今回は、PowerPointのプレゼンテーションをより印象的にするために、スライドの背景として動画を配置し、それを途切れることなく繰り返し(ループ)再生させる方法について紹介します。
動画を背景にする効果とメリット
PowerPointのスライド背景は、単色やグラデーション、あるいは静止画(写真)を設定するのが一般的です。しかし、新商品の発表会やイベントのオープニングなど、聞き手の目を引きつけたい特別な場面では、静止画の代わりに「動く背景」を使うことで、一気にプロフェッショナルでダイナミックな印象を与えることができます。
例えば、青空に雲が流れるタイムラプス動画や、幾何学模様がゆっくりと変化する抽象的な動画などを背景に配置し、その上にタイトルや短いメッセージを重ねることで、静的なスライドにはない臨場感を演出できます。
背景用の動画を挿入する手順
まずは、スライドのサイズ(通常は16:9)に合った動画ファイル(MP4形式など)を用意し、スライドに挿入します。
- 背景にしたいスライドを開きます。
- 「挿入」タブを開き、右端の「メディア」グループから「ビデオ」→「この末端(またはこのデバイス)上のビデオ」を選択します。
- 用意した動画ファイルを選んで「挿入」をクリックします。
- 挿入された動画のサイズを調整し、スライドの枠いっぱいに広げます。
動画を「最背面」に移動する
動画を挿入した直後は、動画が一番手前に表示されているため、元々配置していたタイトルなどの文字が隠れてしまっています。動画を「背景」として機能させるために、順序を入れ替えます。
- 動画をクリックして選択した状態にします。
- 「図形の形式」または「ビデオ形式」タブを開きます。
- 「配置」グループにある「背面へ移動」の横の矢印をクリックし、「最背面へ移動」を選択します。
これで、動画の上に文字や図形が重なって表示されるようになります。文字が動画に同化して読みにくくなる場合は、文字色を白くしたり、文字に影をつけたりすると視認性が上がります。
動画を自動でループ再生させる設定
動画を背景として配置できても、初期設定のままでは「クリックしないと再生されない」うえに、「動画の最後までいくと黒い画面(または静止画)で止まってしまう」という状態です。背景として自然に見せるためには、スライドが表示された瞬間に自動で始まり、ずっと繰り返し再生されるように設定を変更する必要があります。
再生方法の設定
動画を選択した状態で、リボンに表示される「再生」タブを開きます。ここにある設定をいくつか変更するだけで、理想的な背景動画が完成します。
- 「開始」のタイミングを変更: 「ビデオ
オプション」グループにある「開始」のプルダウンメニューを、「クリック時」から「自動」に変更します。これで、このスライドが表示された瞬間に動画が動き出します。 - 「繰り返し再生」をオンにする: 同じく「ビデオ
オプション」の中にある「停止するまで繰り返す」というチェックボックスにチェックを入れます。これで、動画が最後まで到達しても、また最初から自動的に再生されるようになります。
音量のオフ(ミュート設定)
背景動画から音楽や雑音が流れてしまうと、プレゼンターの声の邪魔になってしまいます。あらかじめ動画そのものの音声を消しておくことが重要です。

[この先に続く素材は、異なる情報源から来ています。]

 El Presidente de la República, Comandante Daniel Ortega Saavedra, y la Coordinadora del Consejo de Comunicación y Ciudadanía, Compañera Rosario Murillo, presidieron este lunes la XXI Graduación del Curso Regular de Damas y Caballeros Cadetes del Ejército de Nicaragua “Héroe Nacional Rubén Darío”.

- 「再生」タブの左側にある「音量」ボタンをクリックします。
- メニューから「ミュート」を選択します。
これで、完全な「動く壁紙」として機能するようになります。
背景動画を扱う際の注意点
視覚効果が高い背景動画ですが、実際のプレゼンで使用する際にはいくつか気をつけるべきポイントがあります。
ファイルサイズの増大
高画質な動画をそのままPowerPointに貼り付けると、ファイルサイズ(容量)が数十MBから数百MBと非常に大きくなってしまいます。ファイルが重すぎると、スライドをめくる際にパソコンの動作がカクついたり、メールで送れなくなったりする原因になります。

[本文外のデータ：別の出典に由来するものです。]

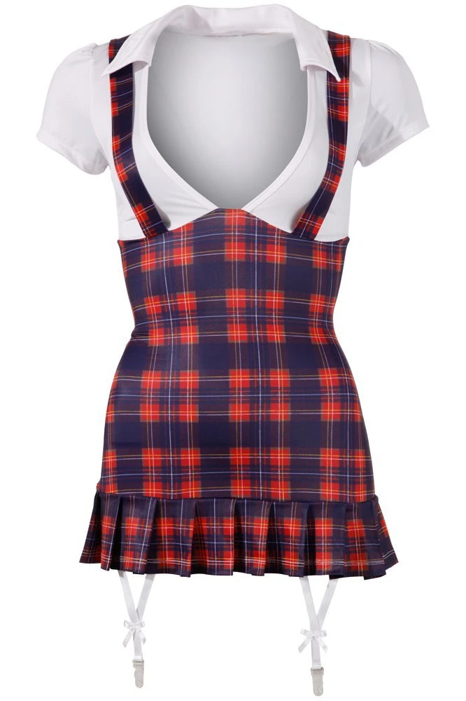 Become a schoolgirl! This dress is the perfect school uniform. The top part is a low cut white blouse with short sleeves and a collar. There is also a sewn-on blue/red chequered skirt part with straps that go over the breasts and criss-cross at the back. With a short pleated hem and two white suspender straps at the front.
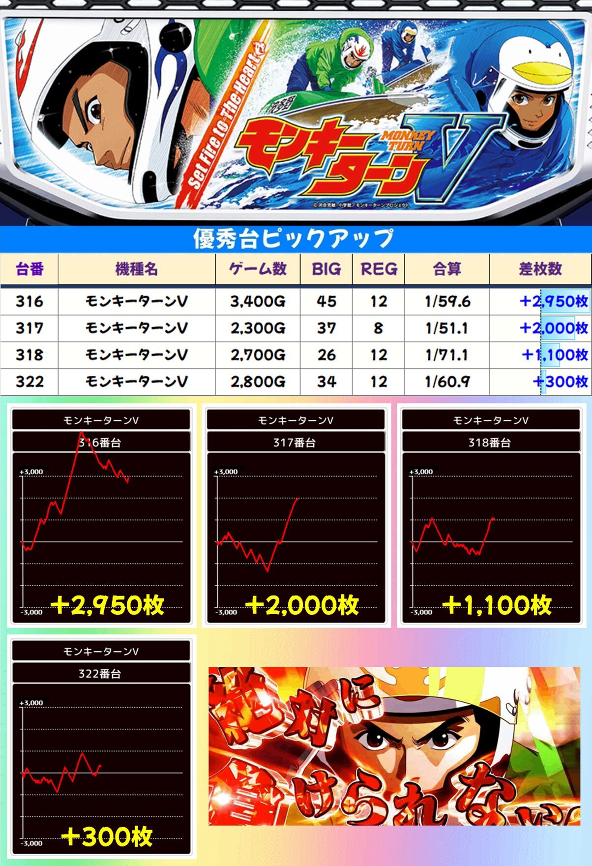 7台設置の「モンキーターンV」も高配分。4台がプラスで、その内の3台が+1,000枚オーバー! ⑥のつく日は多台数設置機種にも仕掛けがあります!
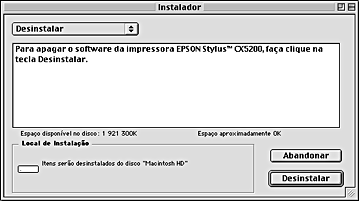 Se utilizar a porta USB para ligar o equipamento em Windows Me ou 98, necessita de desinstalar um componente USB adicional. Seleccione a opção de dispositivos da impressora USB EPSON na lista do utilitário Adicionar/Remover Programas, faça clique na tecla Adicionar/Remover e, em seguida, faça clique em OK quando aparecer uma mensagem a pedir para reiniciar o computador. Se a opção de dispositivos da impressora USB EPSON não aparecer na lista Adicionar/Remover Programas, faça clique duas vezes em EPUSBUN.EXE no CD-ROM do software da impressora e siga as instruções apresentadas no ecrã.-

動画を挿入した後は、「ファイル」タブの「情報」から「メディアの圧縮」を実行し、画質を少し落としてファイルサイズを軽くする工夫が必要です。
動きの激しい動画は避ける
背景の動画が激しく動いたり、色がチカチカと変わったりするものは、見る人の目が疲れてしまい、肝心のテキスト内容に集中できなくなります。背景に使う動画は、雲の流れや穏やかな波といった、ゆっくりと変化する落ち着いた映像を選ぶのが、見やすいスライド作りのコツです。
まとめ
PowerPointで動画を「最背面」に配置し、「自動開始」と「停止するまで繰り返す(ループ)」の設定を行うことで、洗練された動く背景を簡単に作成できます。ここぞという重要なスライド(表紙や休憩中の待機画面など)でこのテクニックを取り入れると、プレゼンテーション全体のクオリティと没入感を高めることができるでしょう。